11/24/12 Lorain, Ohio –
I have something special to be thankful for this 2012 Thanksgiving holiday.  My wife and I were preparing the house for the feast.  The turkey was

stuffed and in the oven.  The green bean casserole was in there as well and the potatoes were in the pot on the stove, cover with water, waiting to be boiled.  Extra stuffing was awaiting the oven as were the brown to serve rolls.  All my ducks, or in this case, my turkeys were in a row.  It was about 2 hours before our guests would arrive and the good china was sitting on the kitchen counter top waiting to be set in place for each guest.

Suddenly, the unthinkable happened.  As I was putting the expansion leaf in place, the whole table broke in half and collapsed.  Oh no, I thought, this can’t be happening!  This was not some cheap table.  This was my mother and father’s table that I inherited after Dad passed away.

As I inspected the broken pieces, I discovered the screws and bolts which held the table together had pulled completely out from underneath the table top.  This was a disaster, the table could not be mended quickly.  It would have to be hauled to the garage and repaired sometime in the future with new bolts, screws, and glue.

What am I going to do?  Not to mention the sentimental value of the table itself, but where are my guests and family going to eat.  How can we have a traditional turkey dinner when there is no table to sit around.  Are we to stand and eat?  Gather around the counter tops of the kitchen and eat?  Split up and take plates about the house in different rooms eating separately?  All these thoughts went through my head.
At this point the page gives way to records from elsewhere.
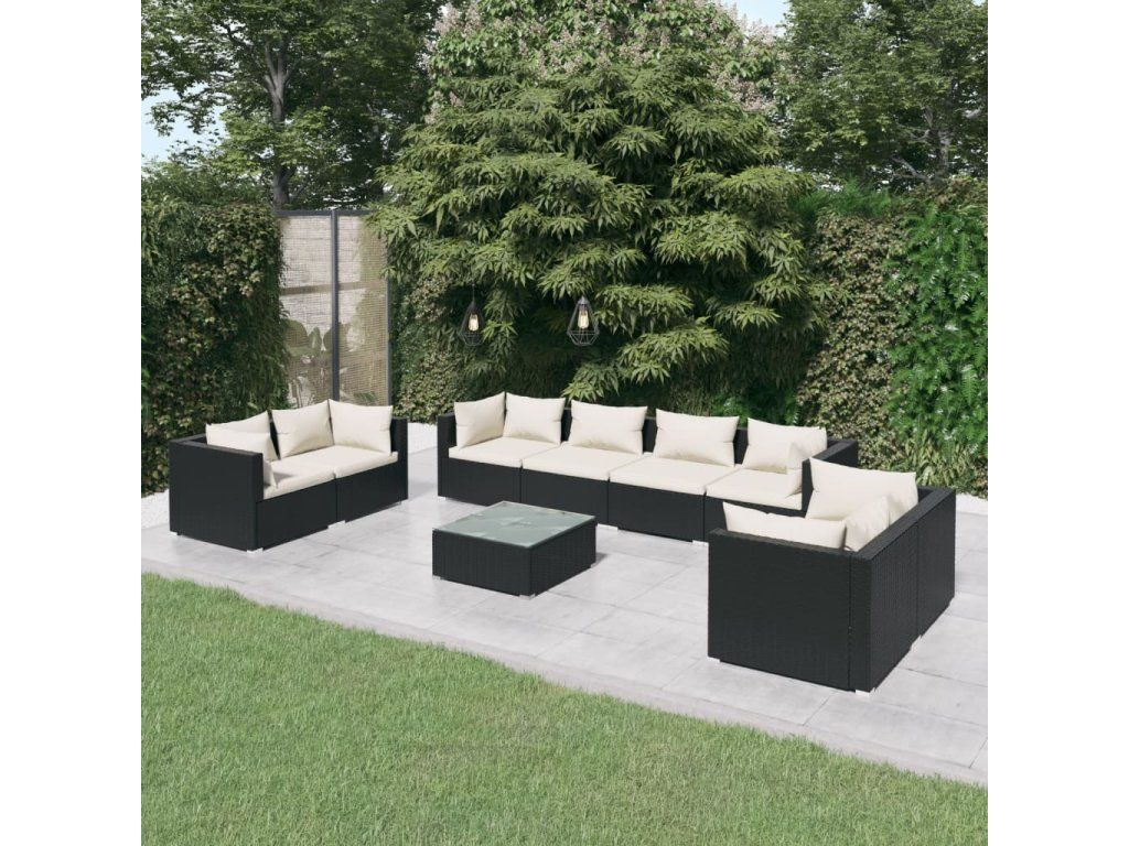 vidaXL 9-dielna záhradná sedacia súprava s vankúšmi polyratan čierna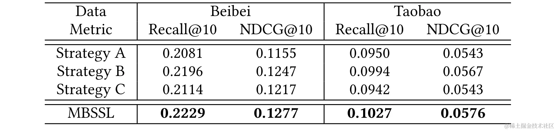 - 负例逃逸Top-N:影响行为间自监督损失函数。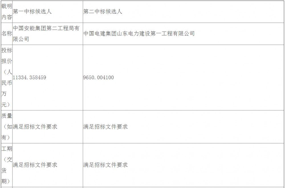 第一中标候选人为中国安能集团第二工程局有限公司,投标报价为113343584.59元,折合单价0.9445元/Wh;第二中标候选人为中国电建集团山东电力建设第一工程有限公司,投标报价为96500041元,折合单价0.8042元/Wh。
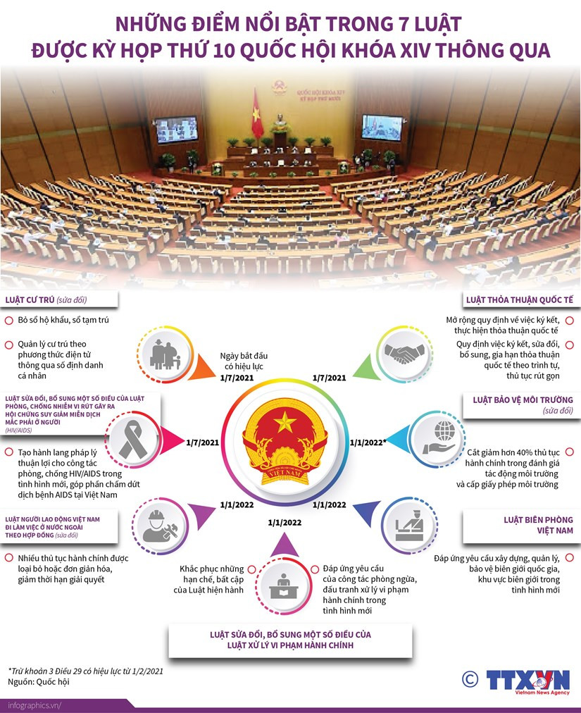 Tại Kỳ họp thứ 10, Quốc hội khóa XIV đã thông qua 7 luật gồm: Luật Cư trú (sửa đổi), Luật Thỏa thuận quốc tế, Luật Biên phòng Việt Nam, Luật Bảo vệ môi trường (sửa đổi), Luật Người lao động Việt Nam ở nước ngoài, Luật Xử lý vi phạm hành chính và Luật phòng chống nhiễm virus gây ra hội chứng suy giảm miễn dịch mắc phải ở người./.

As I carried the broken table out to the garage in 3 trips, feeling angry and sorry for myself, I remembered we had this really cool table which my Aunt Ruth had long ago given my brother Jack. (God rest their souls.)  It was currently being used to hold a TV in our home.  The neat thing about this table – when not expanded, it takes up very little room.  However, when expanded to its full size, the table makes a very fine dinning room table.  I put the table into service and our dinner went on with out a hitch.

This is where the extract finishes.